Vyas, et al. (2012) have reported that the decrease in abdominal fat or only the non-increase in body weight observed with the use of saturated medium-chain fatty acid may be related not to fat elimination but to the relocation of fat to the visceral site, which was mistakenly believed has been eliminated [34]. According to this hypothesis, it’s supposed that CO may thin the silhouette or lead to weight loss at the beginning of the diet, but over time, the fat cannot really be eliminated and remains deposited in some organs, such as liver, causing hepatic steatosis and ultimately NASH. Going further, the prolonged use of CO, first slimming effects can be reversed in weight gain. Even though there is controversy regarding the efficacy of CO as a slimming agent, the use of CO remains widespread among people who want to lose weight, without any knowledge about the adverse effects, as MS and NASH [10,11,22,33]. Also, up till now, studies have shown that CO consumption (intake or supplementation) does not enhance thermogenesis [6,35], as has been popularly triggered.

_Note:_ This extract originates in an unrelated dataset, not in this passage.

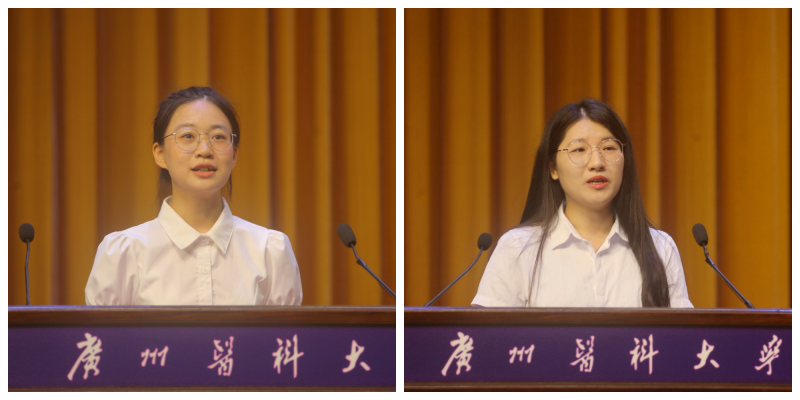 公共卫生学院食品卫生与营养学专业的彭嘉欣、内科学博士研究生周丹莎分别代表本科生新生、研究生新生发言。
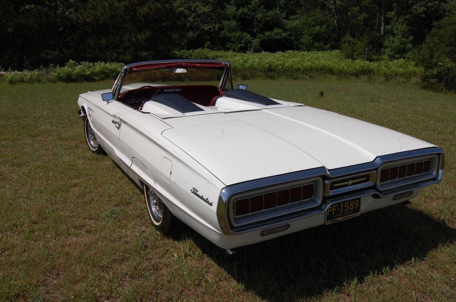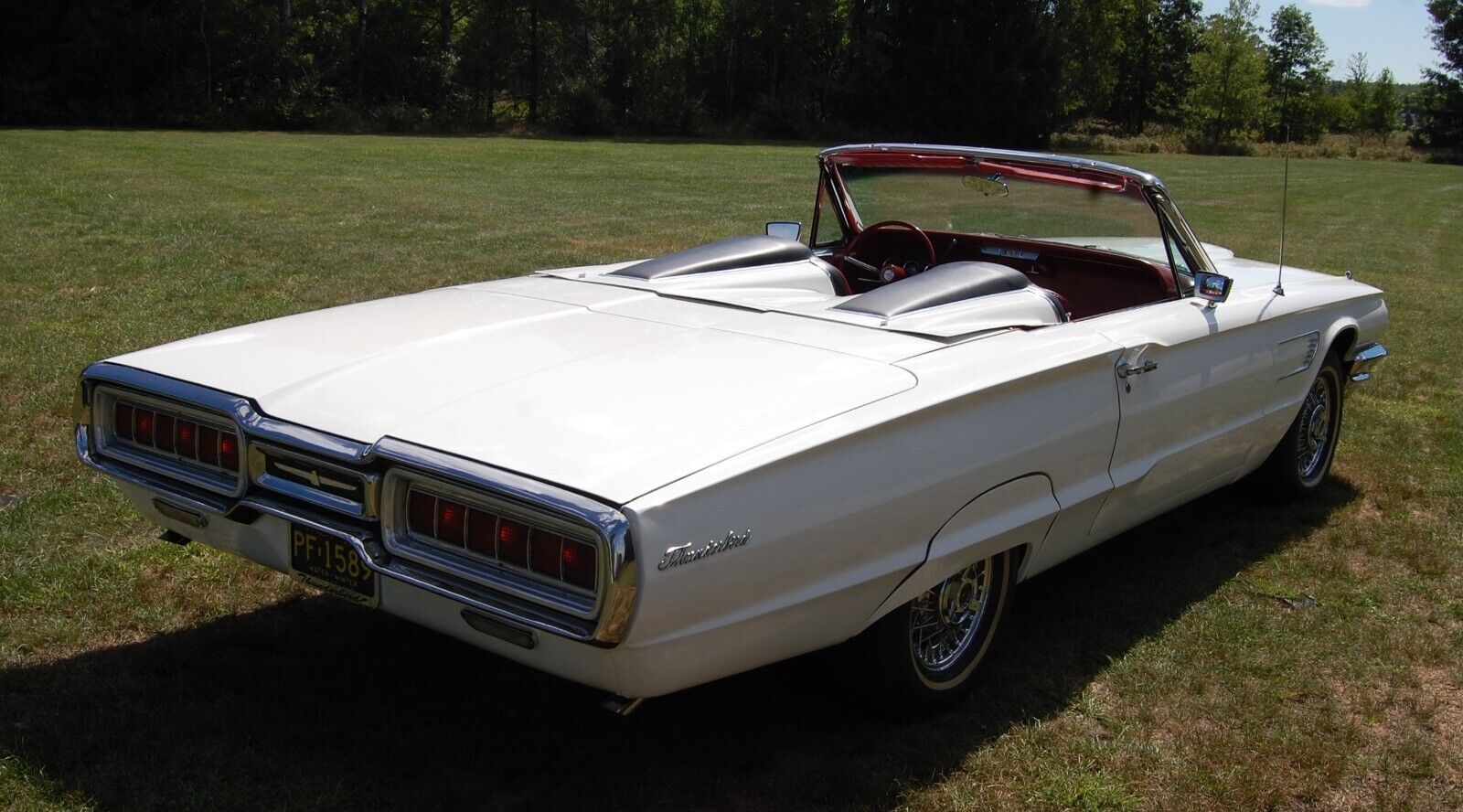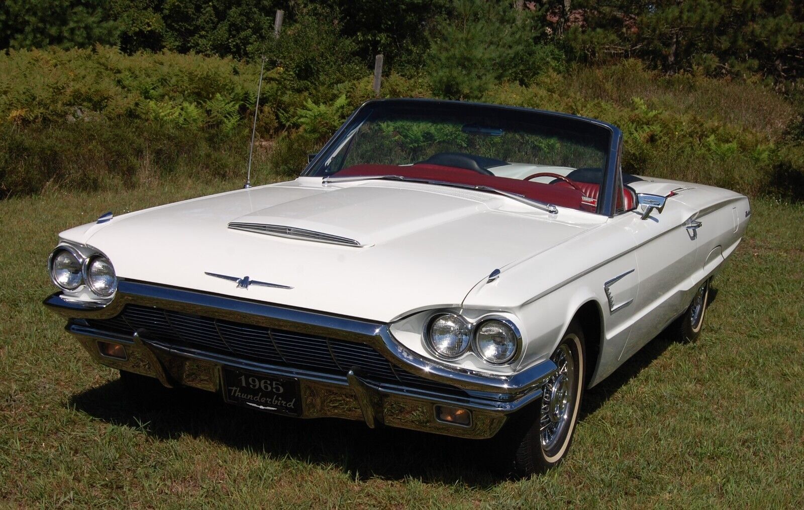Offered for Sale is a Stunning, Beautifully Restored, Show Winning, 1965 Ford Thunderbird Convertible, with its Original Strong Running Z-Code 390 CI V8 Numbers Matching 300 HP Engine, Cruise-O-Matic MX 3-Speed Automatic Transmission, and Gorgeous Red Interior.The Wimbeldon White Paint and Red Leather Interior Really Pop, Making this Bird a Red Crowd Pleasurer. Making this Car Even More Special is its Sports Roadster-Style Rear Seat Tonneau Cover, which was a Desirable Dealer-Available Accessory in the Period, Featuring a Sleek Integral Headrest and Provides Curb Appeal that Makes it Stand Out From all Other Thunderbirds Without this Great Value-Add Option. If that Wasn't Enough, Making this Beauty Even More Special and Standout Even that Much Further from the Crowd, are its Factory-Type Kelsey-Hayes Chrome Wire-Spoke Wheel Rims Featuring BF Goodrich White Wall Radial Tires.This Bird has its Strong Running Original Number Matching Z-Code 390 CI Engine. Starts Easily, Runs Strong, Drives Straight, Smooth, and Tight, and Does Not Overhead. The Body and Paint are in Excellent Condition with Only a Few Very Minor Marks, Scratches, and Small Dents. Glass and Chrome are Great, and the Interior is in Very Good Condition with Minor Wear. The Floorboards are Solid and In Great Condition with, and the Power Convertible Top is in Great Working Condition. The Engine and Engine Compartment are Clean and in Great Condition. Very Nice Car!

In conclusion, the current review indicates a lack of consistent evidence correlating CO intake or supplementation with induction of satiety and weight loss. But the most critical finding was that most studies showed the relationship between excessive CO consumption and consequences compatible with MS and NASH, in addition to producing deleterious cardiac effects, such as the development of atherosclerosis. Thus, the popular use of CO should be frankly discouraged. It must be considered that new clinical studies are indispensable to test the efficacy and safety of emerging diets, such as CO.
The authors declare no competing financial interest. This research was supported by CNPq (fellowship to Sheila C. L. Sanches no. 160028/2012-4), FAPESP (project Grant no. 2008/01296-2) and FAEPA.